36. L’article 35 § 1 de la Convention doit s’appliquer avec une certaine souplesse et sans formalisme excessif. Cela signifie notamment que la Cour doit tenir compte de manière réaliste non seulement des recours prévus en théorie dans le système juridique de la Partie contractante concernée, mais également du contexte juridique et politique dans lequel ils se situent ainsi que de la situation personnelle des requérants (Akdivar, précité, § 69).
b) Application en l’espèce
37. En l’espèce, la Cour observe que le recours indemnitaire sur lequel s’appuie le Gouvernement pour soulever une exception de non épuisement des voies de recours internes dans la présente affaire a déjà été considéré par elle comme effectif à l’égard de requérants qui ne sont plus placés dans une situation de violation continue, c’est à dire ceux qui ont été mais ne sont plus détenus dans des conditions susceptibles de porter atteinte à leur dignité (Lienhardt, précité). Dans l’affaire Lienhardt, le requérant avait obtenu une indemnisation en exerçant ce recours mais n’avait pas fait appel de la décision de première instance pour contester le montant de l’indemnité. Il ne pouvait donc pas se plaindre de l’ineffectivité du recours au motif que l’indemnisation octroyée n’était pas suffisante. L’exigence d’épuisement de cette voie de recours administrative a été confirmée par deux décisions successives dans les affaires Karim Rhazali et autres c. France (no 37568/09, 10 avril 2012) et Martzloff c. France (no 6183/10, 10 avril 2012). Dans la première affaire, alors que la détention des requérants avait cessé et que trois d’entre eux avaient engagé un recours indemnitaire devant les juridictions administratives, la Cour a considéré qu’il était raisonnable d’exiger qu’ils poursuivent leur action jusqu’à son terme en saisissant le Conseil d’Etat de leur grief dans le cadre d’un pourvoi en cassation ; pour les trois autres, qui avaient également saisi la Cour le 3 juillet 2009, et qui n’avaient engagé aucune procédure devant les juridictions nationales, elle a considéré, que dès lors qu’ils avaient été libérés, ils devaient saisir les juridictions administratives d’un recours indemnitaire pour satisfaire à la condition de l’épuisement des voies de recours internes.
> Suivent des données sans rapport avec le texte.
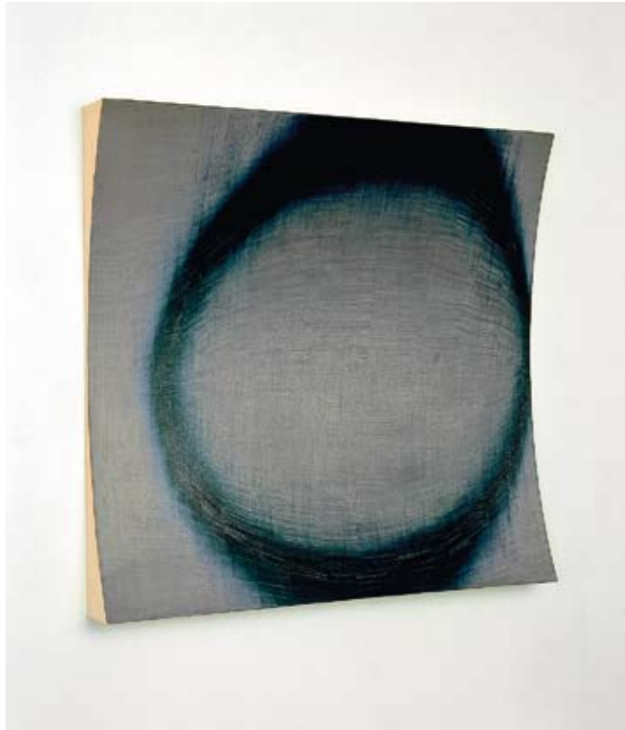
Jussi Niva, Expose # 63, 1999. Öljymaalauk vanerilla, 115 cm x 120 cm x 14 cm. Jenny ja Antti Wihurin rahaston kokoelma, Rovaniemen taidemuseo.

Dans la seconde affaire, le requérant bien que libéré n’avait engagé aucune procédure et la Cour a réitéré qu’un recours indemnitaire était disponible et adéquat et aurait dû être introduit avant sa saisine.
38. Dans la présente affaire, le requérant a choisi uniquement la voie pénale en déposant une plainte avec constitution de partie civile le 27 juillet 2006 alors qu’il était détenu. A cette époque, la Cour observe que le recours choisi par le requérant était disponible et adéquat. La Cour constate en effet que le requérant a utilisé avec succès cette voie de droit puisque le ministère public n’a pas fait de pourvoi en cassation contre l’arrêt du 1er mars 2007 et que l’information pénale du chef d’hébergement contraire à la dignité humaine s’est poursuivie au moins jusqu’en septembre 2008 (paragraphe 20 ci‑dessus). Il n’est dès lors pas contestable que le requérant a soulevé devant les juridictions judiciaires les arguments qu’il tire de l’article 3 de la Convention.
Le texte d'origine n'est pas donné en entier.